• _What to produce_:
Word for word, output the data, with none of its pictures.

• _Given data_:
=== Begin Enclosure ===

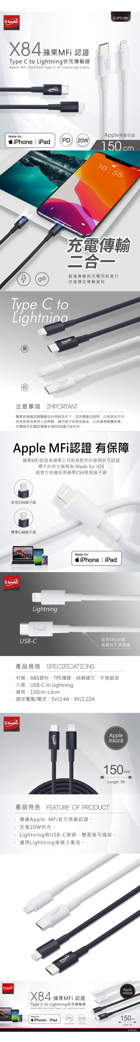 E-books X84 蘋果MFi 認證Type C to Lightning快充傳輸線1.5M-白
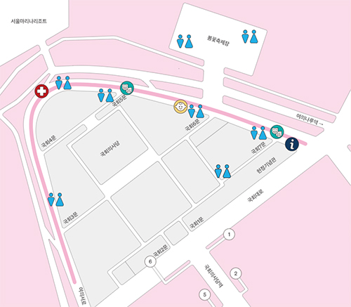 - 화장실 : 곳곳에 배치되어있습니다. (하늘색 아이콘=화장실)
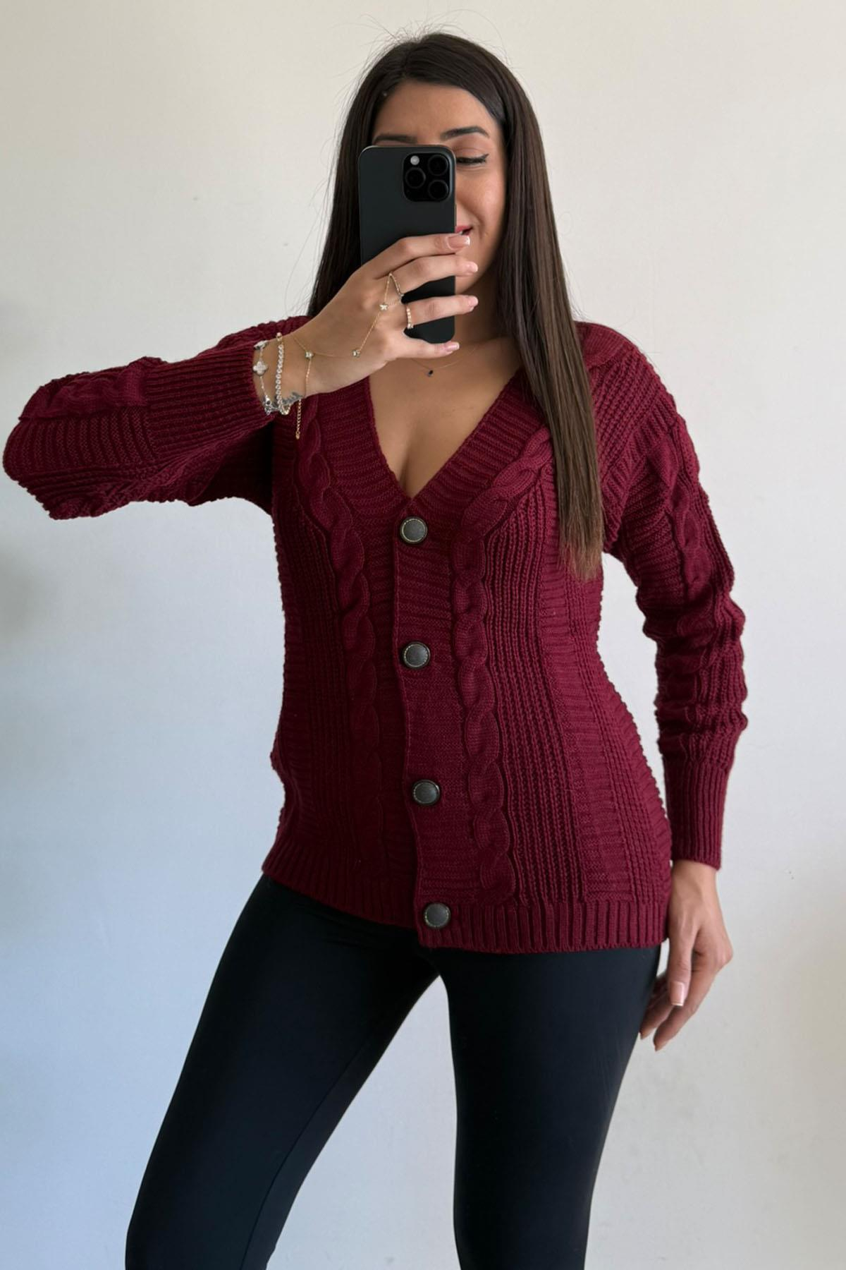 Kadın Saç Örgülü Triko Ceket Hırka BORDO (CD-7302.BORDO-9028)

=== End Enclosure ===

• _The answer_:
 E-books X84 蘋果MFi 認證Type C to Lightning快充傳輸線1.5M-白
 - 화장실 : 곳곳에 배치되어있습니다. (하늘색 아이콘=화장실)
 Kadın Saç Örgülü Triko Ceket Hırka BORDO (CD-7302.BORDO-9028)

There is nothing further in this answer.